Algorithm 4: Graph2Img (U, P, w)

Similarly, we also can build image I₂ using the third and fourth features of all nodes, build image I₃ using the fifth and sixth features of all nodes, and so on. Totally, we can build d_PCA/2 images from the graph node embedding space. However, we don't have to use all the d_PCA /2 images, because PCA method is used to reduce and align the features into a sequential list. In this study, we only use the first four features to build two images I₁ and I₂, which is enough to analyze and classify the brain network, shown in Figure 3.

FIGURE 3

Figure 3. Schematic of representing graph as images, (A) segments of MEG waveform from a healthy control, (B) use 273 sensors as nodes, PLI as edges to build brain network, (C) each in the graph is represented by a d/2 dimensional vector, (D) use PCA method to align and reduce the vectors, (E) build 2D histogram, in this study, each feature is divided into ten bins, therefore, each value in the 10 × 10 matrix is the number of nodes falling into the corresponding bin, and the sum of all pixel values is 273, which is the number of sensors, (F) 3D visualization of histogram.

CNN Architecture

The brain network is represented by two images I₁ and I₂. We can also recognize I₁ and I₂ as two channels of one image, just like (R,G,B) channels in the color images. Then we can use these images as an input to CNN. In this study, our CNN structure is based on LeNet-5 (LeCun et al., 1998), there are seven layers totally, including input layer (I1), convolution layer 1 (C2), convolution layer 2 (C3), pooling layer (P4), full connection layer 1 (F5), full connection layer 2 (F6), and output layer (F7), shown as Figure 4.

FIGURE 4

Figure 4. Schematic representation of CNN structure.

Firstly, the input layer is a 10 × 10 image. Then, the first convolution layer is 32 kernels of 3 × 3 feature map, each kernel computes a convolution of the input image with a ReLU activation function. The second convolution layer is 128 kernels of 3 × 3 feature map with a ReLU activation function, followed by a 2 × 2 max pooling layer. Next, there two fully-connected layers with 32 nodes and 16 nodes. Finally, the output layer with two output nodes is used to classify the input images into two categories based on the softmax function.

Experiment and Result

In this section, we applied our method on the clinical MEG dataset, which is consists of 40 subjects, 20 healthy controls (subject ID: 1 to 20) and 20 patients with migraine (subject ID: 21–40). All these MEG data were obtained from Cincinnati Children's Hospital Medical Center (CCHMC) and Nanjing Brain Hospital, and the target is to classify MEG data into two classes: the abnormal subjects and the healthy controls.
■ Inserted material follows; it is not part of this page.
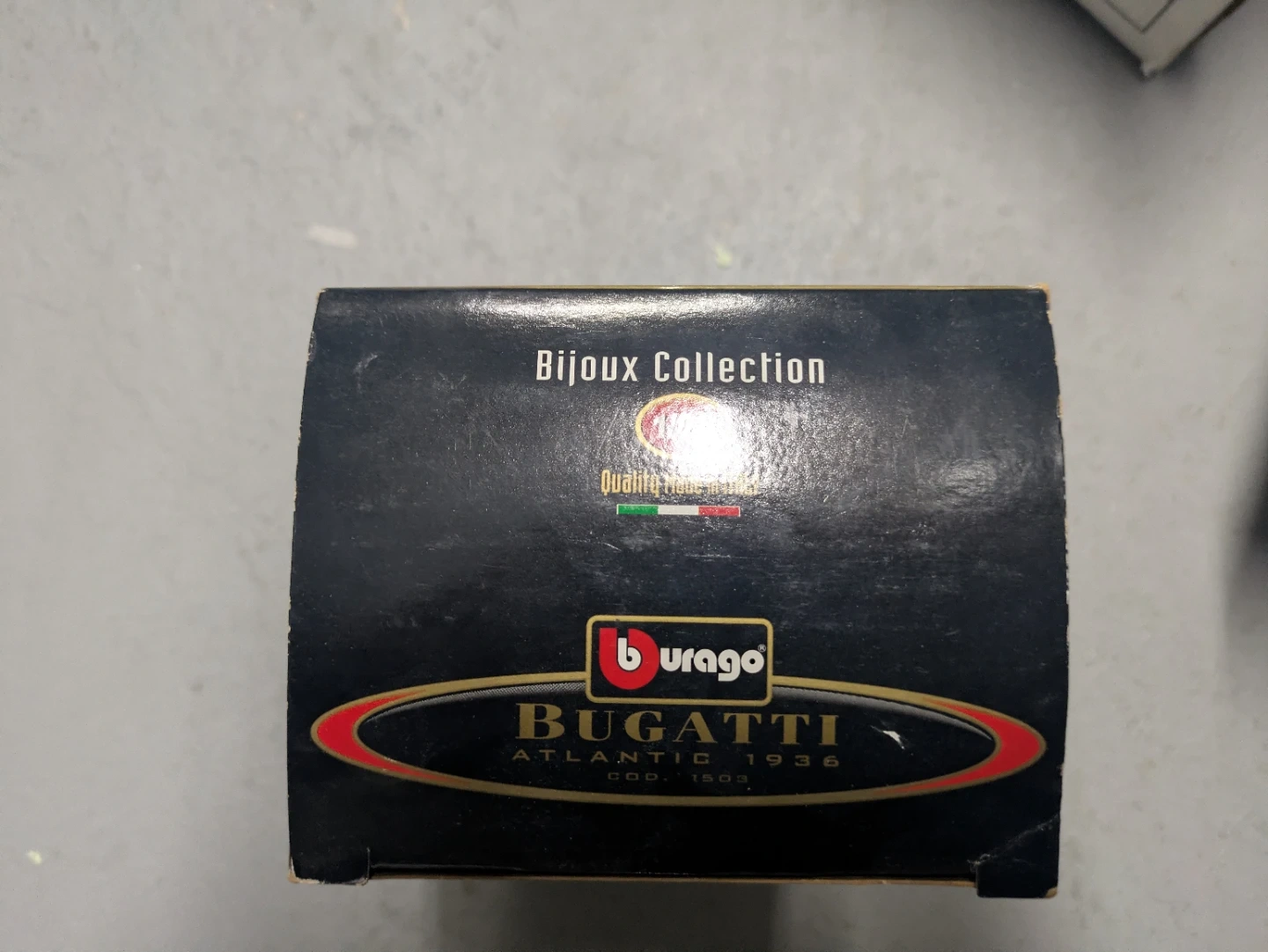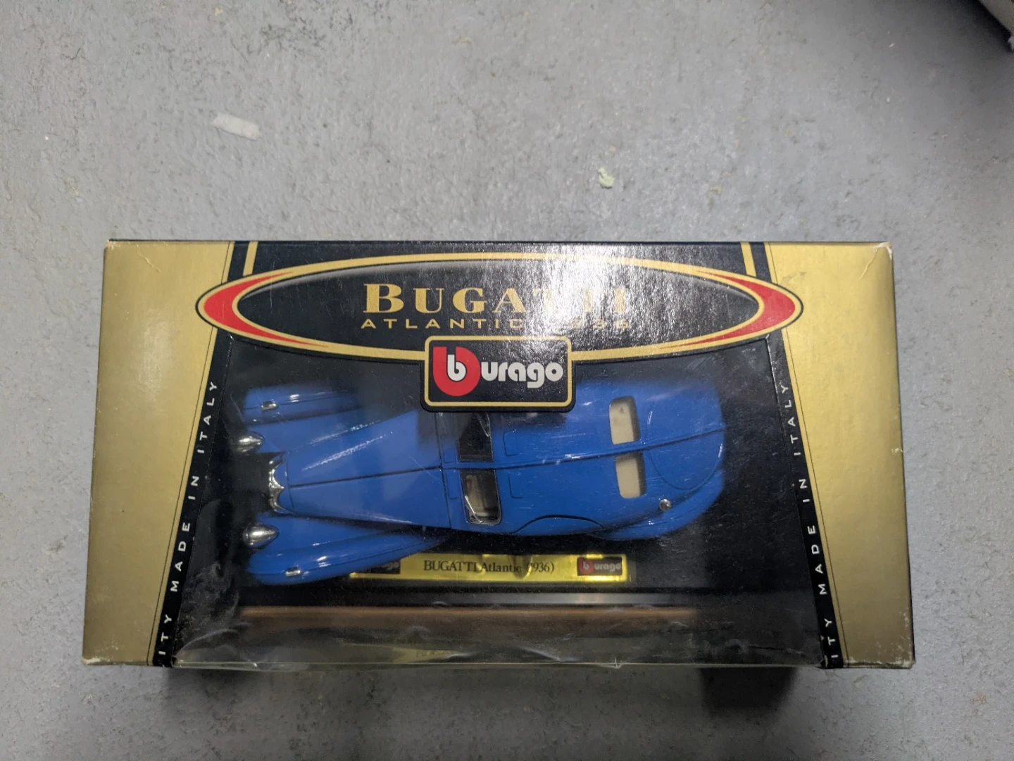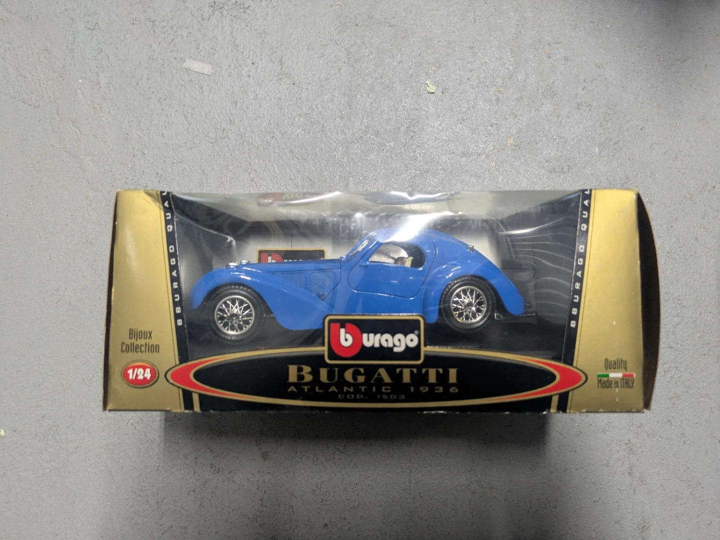 This is a blue Burago diecast model of a Bugatti Atlantic 1936. It's a 1/24 scale model from the "Bijoux Collection". Quality made in Italy.

Our method use some open-source toolkits, MEG data is pre-processed by using FieldTrip toolkit (Oostenveld et al., 2011), brain network is built by using FieldTrip toolkit, graph node embedding is calculated by using node2vec toolkit (Grover and Leskovec, 2016), PCA is performed by using Matlab PCA toolkit, histogram of vectors is calculated by using histograms python toolkit (Tixier et al., 2017), our CNN is implemented using the Keras model with tensorflow (Abadi et al., 2016) backend. All these algorithms are run on Intel Core i7-6700 3.4 GHz CPU and 8 GB of RAM, under Windows 7 × 64 operating system and Python 3.5.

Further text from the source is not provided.